INFORMATION SHOWN:
══════
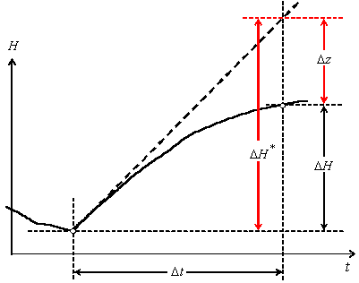 Рис. 3. Теоретический и фактический подъем уровня за период питания |
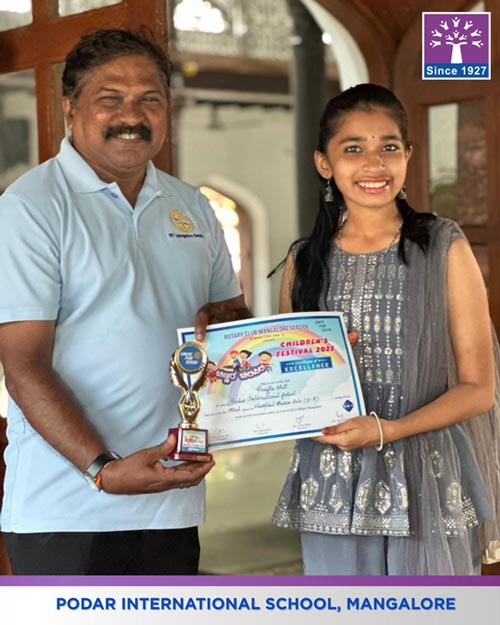 Podar International School, Mangalore, is proud to announce that Anagha Bhat secured 3rd place in the Classical Solo Dance category at the Chinnara Chilipili Children’s Festival organized by the Rotary Club Mangalore Seaside.
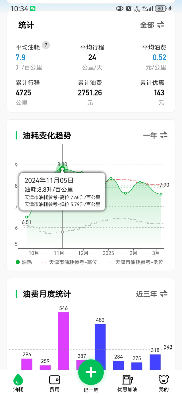 提车至今已经半年 跑了将近5000公里,几乎用于天津市郊通勤,上下班五公里但是有11个红绿灯,很难开快,偶尔跑一次快速路,油耗能到6点几,只要通勤油耗肯定再7.5以上。 一般换挡转数都在2500以下,这个即使拉高转也没有多少动力
══════
WHAT THE TASK REQUIRES: Every line of the data should be transcribed exactly. Omit the images.

RESULT OF THE TASK:
 Рис. 3. Теоретический и фактический подъем уровня за период питания |
 Podar International School, Mangalore, is proud to announce that Anagha Bhat secured 3rd place in the Classical Solo Dance category at the Chinnara Chilipili Children’s Festival organized by the Rotary Club Mangalore Seaside.
 提车至今已经半年 跑了将近5000公里,几乎用于天津市郊通勤,上下班五公里但是有11个红绿灯,很难开快,偶尔跑一次快速路,油耗能到6点几,只要通勤油耗肯定再7.5以上。 一般换挡转数都在2500以下,这个即使拉高转也没有多少动力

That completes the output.